Bob Stoops struggling to write unique ending to his story at Oklahoma
If successful college football coaches stay anywhere long enough, they inevitably take over the identity of a program.
The story of the program becomes their own. The camera lens zooms in on their own personal arcs. What actually happens on the field doesn’t matter so much as how it fits into their narratives.
After 16 years as head coach, Oklahoma football has become tethered to Bob Stoops. The players, the assistant coaches, the program’s history – they’re all background right now in the story of the Sooners’ coach trying to get back to the top of college football’s mountain.
(Note the irony that I’m writing this right now instead of breaking down OU’s 40-6 spanking from Clemson tonight.)
It has been an intriguing story to follow the last few years from the outside, even as a too-often-disappointed fan. But imagine what that must feel like on the inside to the supporting players in The Bob Stoops Show.

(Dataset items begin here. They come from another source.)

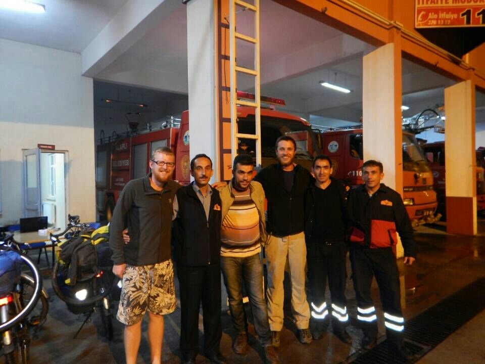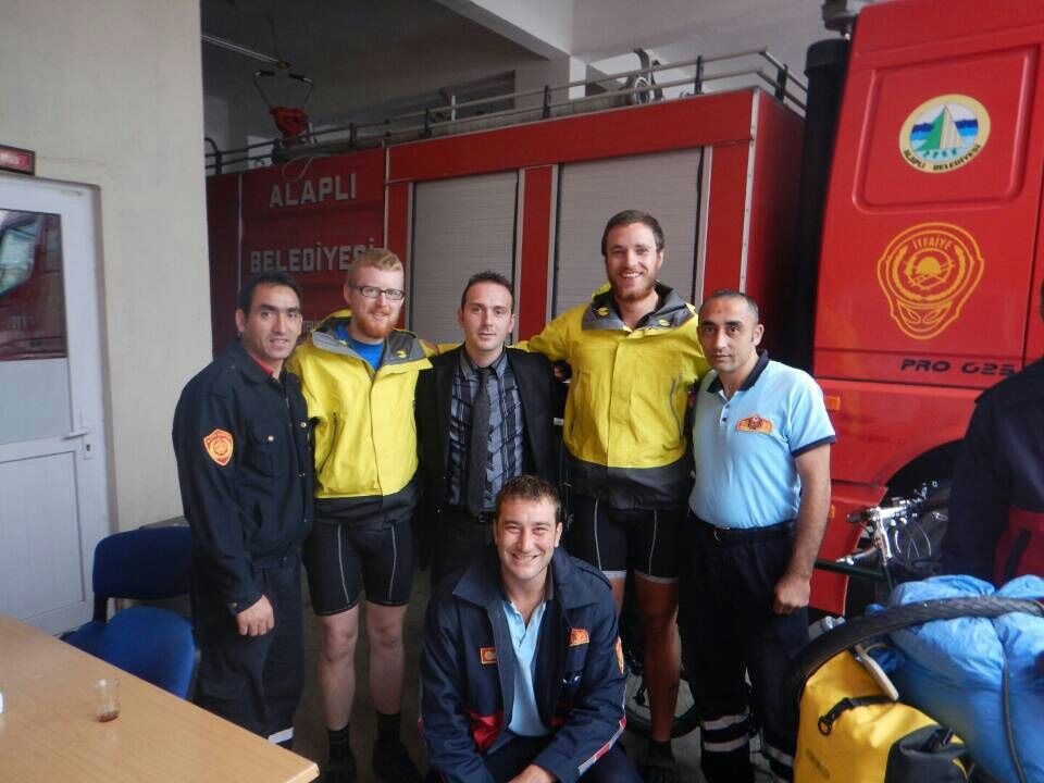 Mehmet explained that we had needed the chief’s approval to stay the night in town without being officially checked into a hotel, and that we were now off to spend the night at the fire station with one of his old mates. He apologised for not being able to host us himself, explaining that he lived with his parents. Were we hungry? More phone calls. So when we arrived, not only were we introduced to the entire brigade and given a tour, but the head of the local political party showed up to shake our hands and our takeaway dinner arrived in a police car. Not bad for a game of tiles in a tea garden!!! We were swiftly shown to the showers (which ironically had no cold tap – some really do like it hot) and spent the rest of the evening chatting with the brigade. Mehmet, something of a hero figure, stayed around until the end of the brigade’s midnight shift to translate. We can confirm that there were no fires in Alapli that night as we slept undisturbed in the mess room until the morning. After eating the breakfast spread which was laid on by our firemen hosts we cycled away eastwards, wondering if this kind of luck could possibly hold.
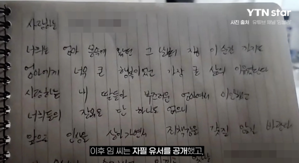 그녀는 유서에서 두 딸에게 "엄마는 너희를 세상에서 가장 사랑했다"며 "부끄러운 엄마여서 미안하다"고 적었으며, 전 남편에게는 "아이들을 부탁한다"는 메시지를 남겼다.
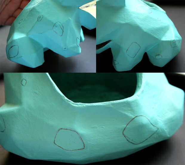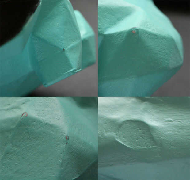 Cuando lija en el color de base que tienen una superficie más suave y al mismo tiempo trabajando en el Bulbasaur, que tengo algunos fallos (como se puede ver en la tercera imagen). He usado los puntos para cubrir estos defectos (nota que saqué los puntos alrededor de las fallas). Nuevos anuncios no se colocan exactamente en el mismo lugar que los originales, pero traté de hacer una distribución homogénea.
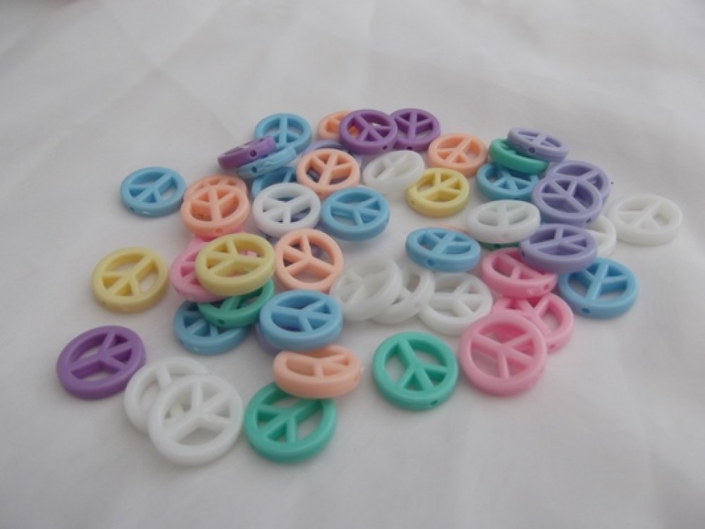 Lot de 10 perles symbole de paix 17mm mixtes pastels acrylique
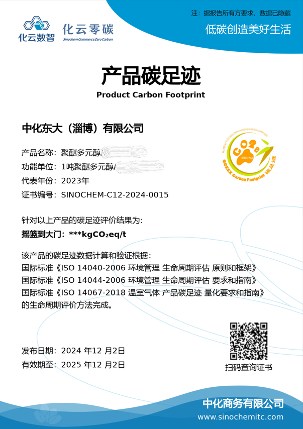 近日,中化商務(wù)有限公司(以下簡稱“中化商務(wù)”)圓滿完成對中化東大(淄博)有限公司(以下簡稱“中化東大”)兩款聚醚多元醇產(chǎn)品的碳足跡評價工作,有效確保中化東大產(chǎn)品滿足出口市場對碳足跡核算的要求,標(biāo)志著中化商務(wù)在推動綠色低碳轉(zhuǎn)型、助力企業(yè)實(shí)現(xiàn)可持續(xù)發(fā)展方面取得又一重要成果。
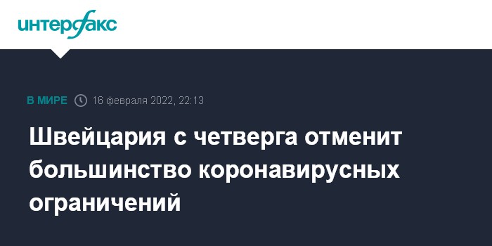 Москва. 16 февраля. INTERFAX.RU - Федеральный совет (правительство) Швейцарии принял решение об отмене с 17 февраля большинства ограничений, введенных в связи с распространением коронавирусной инфекции, сообщается в среду на сайте кабинета министров страны.
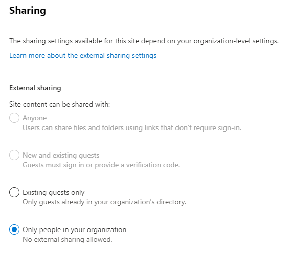 You can control external sharing though, and limit risk on particular sites and Teams by configuring the site-specific sharing settings. For example, you may have a Finance Team where the contents should never be shared externally. This can be limited on the site level by opening the sharing settings of the site from the SharePoint admin center and setting the sharing policy to “Only people in your organization” as shown in Figure 2.
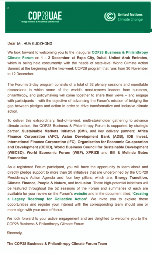 據(jù)相關(guān)媒體綜合報(bào)道: 2023年11月30日至12月12日,第28屆聯(lián)合國(guó)氣候變化大會(huì)在迪拜世博城舉行。人類(lèi)健康組織大中華區(qū)主 席華國(guó)中將應(yīng)主辦方邀請(qǐng)前往聯(lián)合國(guó)氣候變化大會(huì)舉辦地迪拜“世博城”參加盛會(huì)。
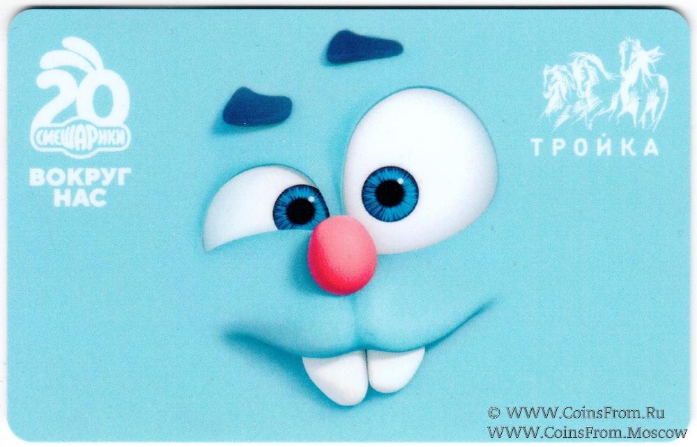 Карта "Тройка" с изображениями персонажей из мультсериала "Смешарики" (Крош), посвященные 20-летию создания, приурочены ко Дню защиты детей (1 июня).

Every loss turns into a setback for Stoops on his road to redemption. Every mistake is a referendum on his competence. Every failure becomes part of a national punchline about your tough-talking coach coming up short.
OU clearly had a squad with more warts than most predicted back in the preseason. Yet, watching how the Sooners devolved in the second half of the year, it’s easy to wonder if they also didn’t pack it in back in October. That's when Kansas State stomped on their hopes of a conference title and spot in the playoff. Checking out is a natural reaction when your goals get crushed, but it has to be that much more demoralizing when you have a role in yet another Big Game Bob debacle.
OU generally seems to play tight lately, like a team with everything to lose and nothing to gain. That’s probably because it’s true in the context of Stoops’ story.
The fault for this doesn’t lie with Stoops, unless you want to argue that he should possess a level of humility that is altogether foreign to successful college football coaches. But that doesn’t make it any less of a problem for his program. History tells us these stories usually don’t end all that well.